$18.1m grant expands research training in NH

Statewide biomedical collaborative to expand program

The NH IDeA Network of Biomedical Research Excellence — a statewide collaborative partnership of two- and four-year colleges — has received a five-year, $18.1 million grant from the National Institutes of Health to continue a successful program aimed at expanding biomedical research capacity and training in New Hampshire.

The IDeA program – known as NH-INBRE – brings together research faculty from across Dartmouth College and the University System of New Hampshire to serve faculty and students at colleges and universities across the state.

The grant “will strengthen the efforts of our INBRE network to improve New Hampshire’s research infrastructure, and to educate and inspire undergraduate students to pursue careers biomedical research,” said Dartmouth Provost Carolyn Dever.

NH-INBRE supports biomedical research and research training in New Hampshire by offering technical training programs, supporting facility improvement, sponsoring employment in research labs for undergraduates, and supporting a Bioinformatics Shared Resource for bioinformatics utilization and training.

NH-INBRE also identifies and funds outstanding biomedical researchers among faculty members of partner institutions across New Hampshire so they can lead research programs that contribute to biomedical research, and in turn acquaint their students with top-level research, building important skills needed to succeed in NH’s growing biotechnology sector.

“New Hampshire is home to 50 companies in the biotechnology and pharmaceutical fields and they require a well-trained workforce,” says Ronald Taylor, NH-INBRE’s program director and principal investigator. “Several students who conducted NH-INBRE supported research have obtained research technician positions at some of these companies.”

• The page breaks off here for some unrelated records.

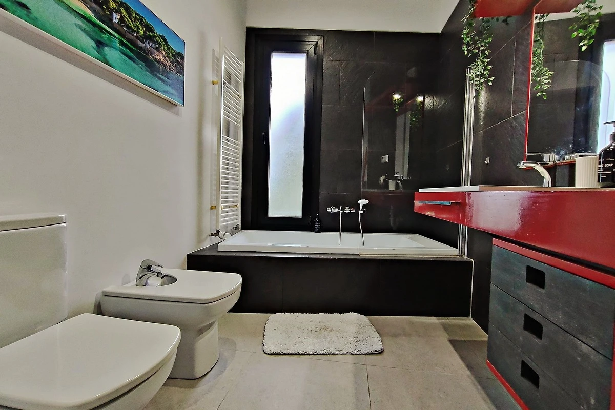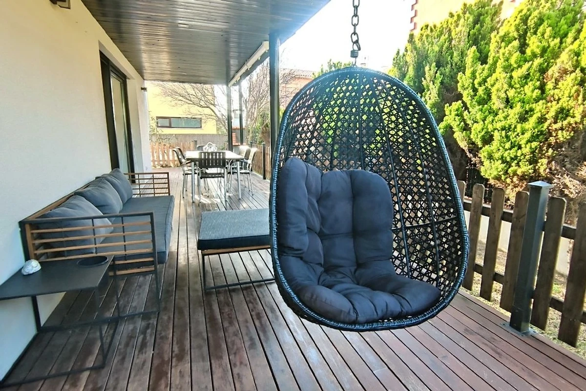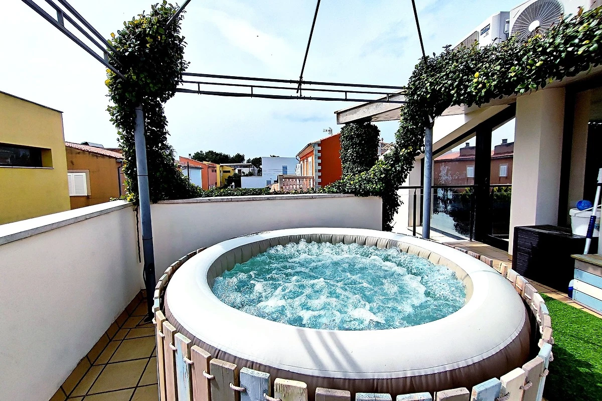 Wunderschöne lichtdurchflutete grosse Villa mit gut 180qm Wohnfläche (3 geräumige Schlafzimmer), eingezäuntem Privatgarten und Pivatpool. Hier finden Sie sonnige und schattige Plätze und einen überdachten Essbereich im Freien mit Sonnensegeln. Auf der Dachterasse wartet ein beheizter Whirlpool und eine beschattete Doppel-Sonnenliege auf Sie!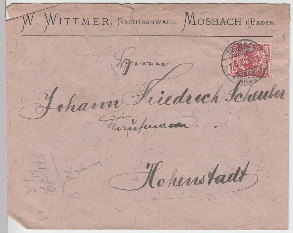 - (B1830) Bedarfsbrief Reichspost, Stempel Mosbach 1891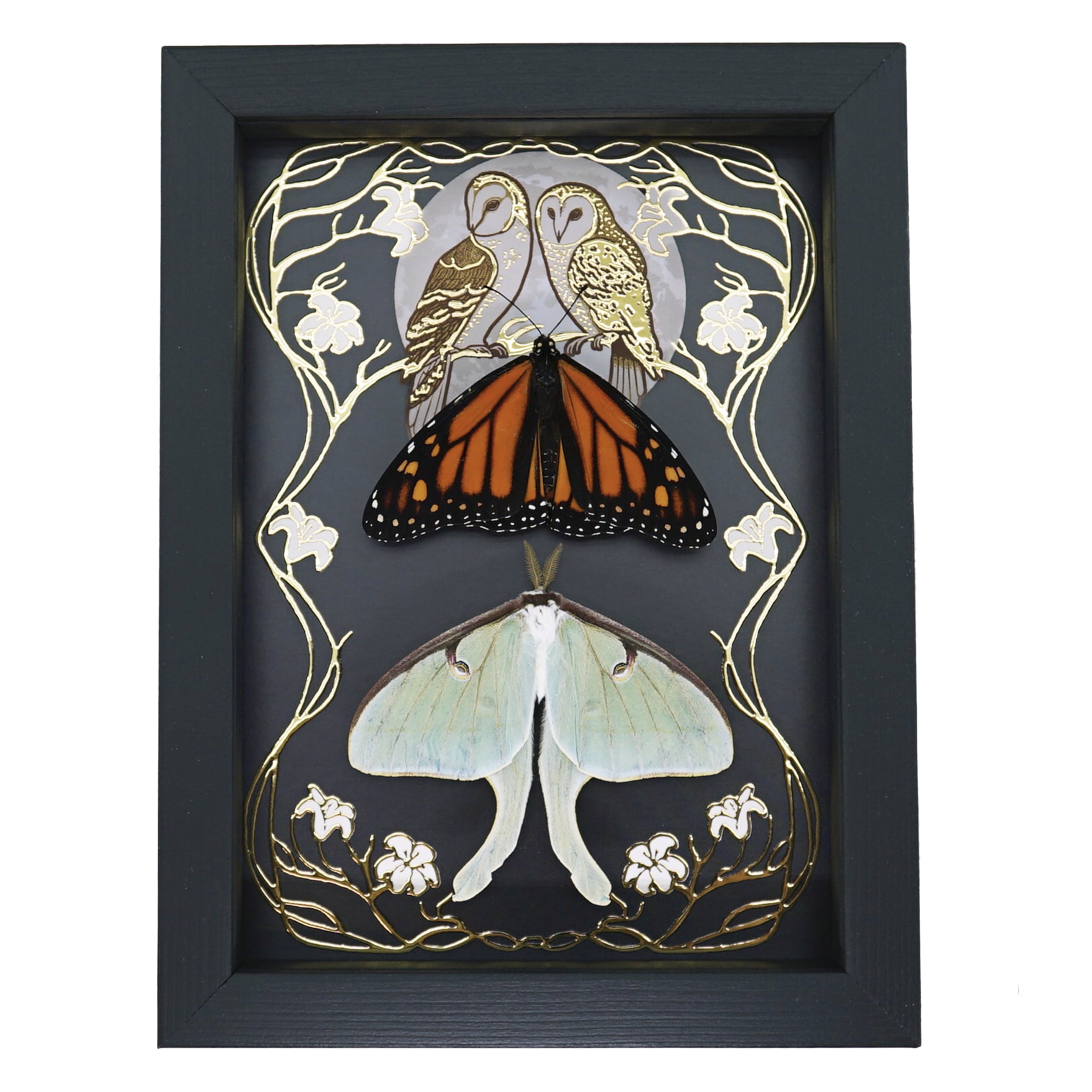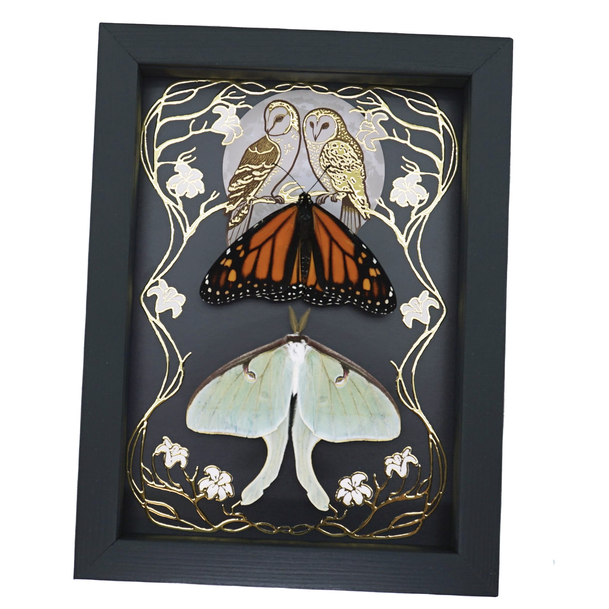Luna Moth Monarch Butterfly Collection Gold Foil Owls Moon Art Nouveau Framed Taxidermy

NH-INBRE’s initial NIH grant supported nearly 600 New Hampshire college students who participated in 25 research projects funded at partner schools, which include Colby-Sawyer College, Franklin Pierce University, Keene State College, New England College, Plymouth State University, Saint Anselm College and the Community College System of New Hampshire.

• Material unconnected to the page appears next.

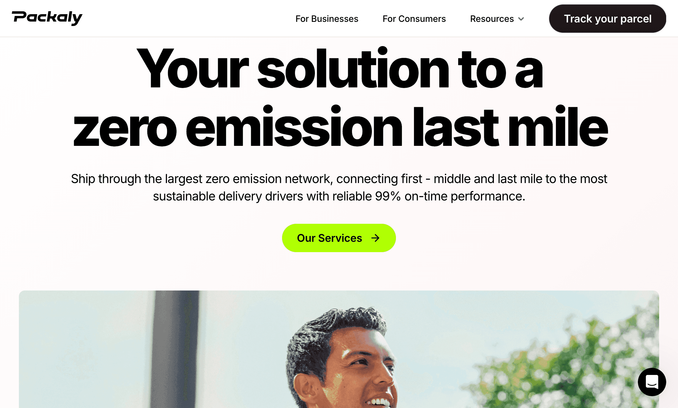 只有三个主要菜单项,一个下拉菜单和一个导航栏行动号召,Packaly是导航极简主义优势的一个很好的例子。用户立即知道该做什么——如果他们想深入了解,他们也知道去哪里。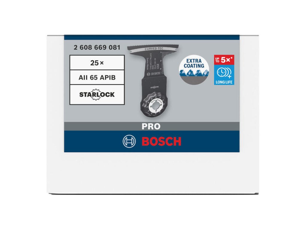 Rezanie dreva, mäkkých kovov a plastov s dlhou životnosťou! Profesionáli, ktorí oceňujú schopnosť viacúčelového náradia vykonávať rezy so zapichnutím, zarovnávacie rezy a presné výrezy, potrebujú aj všestranný pílový list, ktorý vyniká v týchto úlohách: PRO AII 65 APIB má nielen mimoriadne schopnosti pri spracovávaní rôznych materiálov, ale ponúka aj vynikajúcu životnosť. Pílový list PRO AII 65 APIB Plunge Cut Blade je vyrobený z kombinácie dvoch kovov, čo mu dodáva pevnosť a odolnosť. Jeho zuby majú povrchovú úpravu, ktorá im dodáva ešte vyššiu odolnosť. Vďaka vyhotoveniu Curved-Tec je pílový list ideálny na rezy so zanorením bez trhania.

The renewal grant will continue supporting NH-INBRE’s nursing research initiatives, including the summer undergraduate nursing research program, pairing students with nursing mentors, developing nursing researchers, and collaborating with a Dartmouth program to develop a nursing research database both statewide and across New England to advance nursing research efforts.

“Since 2012, six summer nursing research students have accepted jobs at Dartmouth-Hitchcock Medical Center and two have entered into post-graduate nursing programs that emphasize research,” says Jennifer Smith, the program’s research project manager. “NH-INBRE continues to serve as a pipeline for injecting research-trained individuals into the New Hampshire workforce.”